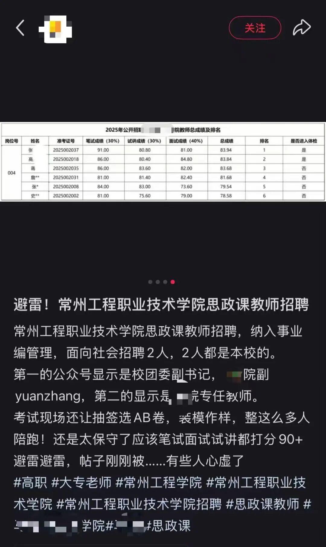 11月9日,有网友发帖称,在当日公布的常州工程职业技术学院2025年公开招聘一学院教师(第二批)总成绩中,最终进入体检阶段的张某某与高某某皆为该校老师。网友在帖中表示,“常州工程职业技术学院思政课教师招聘,纳入事业编管理,面向社会招聘2人,2人都是本校的。第一的公众号显示是校团委副书记,某学院副院长,第二的显示是某学院专任教师。”
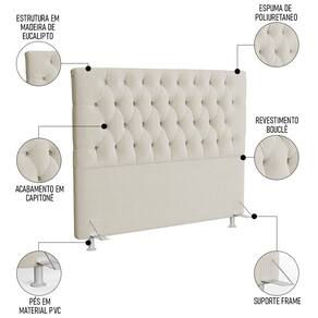 A Cabeceira Casal é uma ótima opção para quem busca conforto, beleza e qualidade. Ela é feita com madeira de Eucalipto, e possui um acabamento em espuma poliuretano e tecido bouclê de ótima qualidade e com detalhe em capitonê que vai deixar seu Quarto ainda mais elegante, acompanha dois pés em PVC, ideais para evitar o contato direto com o chão. A Cabeceira Painel tem um design moderno e sofisticado, com sistema de fixação prático e seguro, que permite que você a instale sem dificuldade fixando o frame na cabeceira e em seguida a base do box no frame. Ah! E ainda acompanha duas Mesas de Cabeceira estilo industrial, que além de ser prática para apoiar seu celular, abajur ou carteira ela conta com 1 nicho e 1 prateleira para objetos decorativos, livros e o que mais precisar. Com esse kit você vai ter um quarto mais aconchegante, organizado e charmoso.
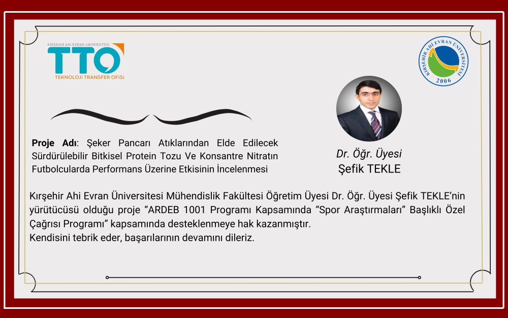 Kırşehir Ahi Evran Üniversitesi Mühendislik Fakültesi Öğretim Üyesi Dr. Öğr. Üyesi Şefik TEKLE’nin yürütücüsü olduğu "Şeker Pancarı Atıklarından Elde Edilecek Sürdürülebilir Bitkisel Protein Tozu Ve Konsantre Nitratın Futbolcularda Performans Üzerine Etkisinin İncelenmesi" proje “TÜBİTAK 1001 - Bilimsel ve Teknolojik Araştırma Projelerini Destekleme Programı

### What you should do
Only the pictures are to be left out; copy all the remaining material above exactly.

### Result
 11月9日,有网友发帖称,在当日公布的常州工程职业技术学院2025年公开招聘一学院教师(第二批)总成绩中,最终进入体检阶段的张某某与高某某皆为该校老师。网友在帖中表示,“常州工程职业技术学院思政课教师招聘,纳入事业编管理,面向社会招聘2人,2人都是本校的。第一的公众号显示是校团委副书记,某学院副院长,第二的显示是某学院专任教师。”
 A Cabeceira Casal é uma ótima opção para quem busca conforto, beleza e qualidade. Ela é feita com madeira de Eucalipto, e possui um acabamento em espuma poliuretano e tecido bouclê de ótima qualidade e com detalhe em capitonê que vai deixar seu Quarto ainda mais elegante, acompanha dois pés em PVC, ideais para evitar o contato direto com o chão. A Cabeceira Painel tem um design moderno e sofisticado, com sistema de fixação prático e seguro, que permite que você a instale sem dificuldade fixando o frame na cabeceira e em seguida a base do box no frame. Ah! E ainda acompanha duas Mesas de Cabeceira estilo industrial, que além de ser prática para apoiar seu celular, abajur ou carteira ela conta com 1 nicho e 1 prateleira para objetos decorativos, livros e o que mais precisar. Com esse kit você vai ter um quarto mais aconchegante, organizado e charmoso.
 Kırşehir Ahi Evran Üniversitesi Mühendislik Fakültesi Öğretim Üyesi Dr. Öğr. Üyesi Şefik TEKLE’nin yürütücüsü olduğu "Şeker Pancarı Atıklarından Elde Edilecek Sürdürülebilir Bitkisel Protein Tozu Ve Konsantre Nitratın Futbolcularda Performans Üzerine Etkisinin İncelenmesi" proje “TÜBİTAK 1001 - Bilimsel ve Teknolojik Araştırma Projelerini Destekleme Programı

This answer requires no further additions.